Warming is bad because it will make the earths inhabitable area diminish. This significantly changes the available land mass that humans, and other animals, can effectively colonize and live fruitful childbearing lives. ... Lastly, increasing temperatures melt polar ice and raise sea levels. Further limiting usable land mass. You try to act like its all about temperature, but clearly you don't really understand the full breadth of the idea. How about this fun fact.
I see this argument surface from time to time (usually along with boiling oceans in 400+ years), and it appears to do so without any regard for the science. Of the reports I have read from most real climatologists, including those who support AGW, they indicate that the warming trend is exceedingly subtle--think half a degree per century or less. This isn't much; those scientists involve with the studies are themselves disappointed when the press reports things like "Scientists discover alarming increase in climate change," and it is that reporting which very closely follows in line with this cartoon.
Further, even if significant warming of several degrees per century were to occur, your argument neglects the possibility that areas currently locked in permafrost would then open up for an increasingly temperate clime (Siberia, northern Canada, etc). Never mind that it's also well known to paleontologists that during Earth's warmest periods, biodiversity was at its peak. This isn't to say that warming is good, but it's certainly not as horrific as Al Gore would like you to believe. And remember: Gore just recently purchased oceanfront property. If he were that concerned about rising ocean levels, you would think he might've invested in property farther inland...
Also, warmer temperatures will create more hostile weather patters further limiting usable land area as certain weather patterns hit certain regions harder. (ie. hurricanes on the east coast).
I highly doubt this claim, because the models climate scientists have run--even with the most significant warming trends--barely show an increase of around 5% in hurricane rainfall and incidence by 2080, which is well within error margins. Remember that each year following Katrina was supposed to become worse? Hasn't happened yet. I also suspect it won't, and if the models are correct, this is a misnomer likewise reported by the press and not by climatologists.

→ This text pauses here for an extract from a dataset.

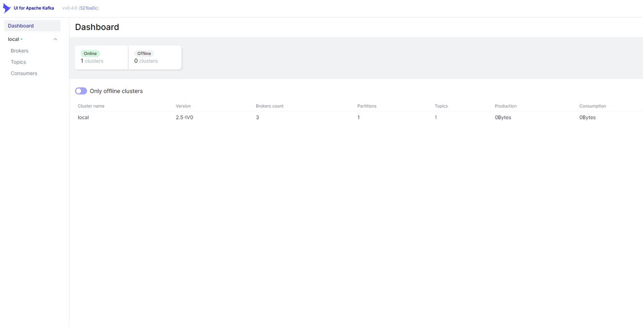 - docker-compose -f docker-kafka-ui.yaml up -d 실행한다.

Hotter summers make for colder winters. How long before we trigger another ice age. Perhaps you should look up positive feedback loops.
That's not completely true. The last article I read tying global warming to a cooling trend is the cooling of the upper atmosphere that mucks about with CFCs and degenerates ozone. I have seen more studies that link melting polar ice caps with a shut down of the Gulf Stream (cold, fresh water sinking underneath the ocean currents, disrupting or shutting them down completely), and the lack of warm water flowing across the eastern US seaboard and western Europe would interfere with winters, making them colder. It's nothing about a positive feedback loop of colder weather; if you shut down ocean currents feeding warm water around the global, you're very likely going to trigger an ice age. The only "evidence" I have seen about this extremes nonsense of hotter summers = colder winters is espoused almost exclusively in Slashdot comments as gospel and reporters with hearing problems.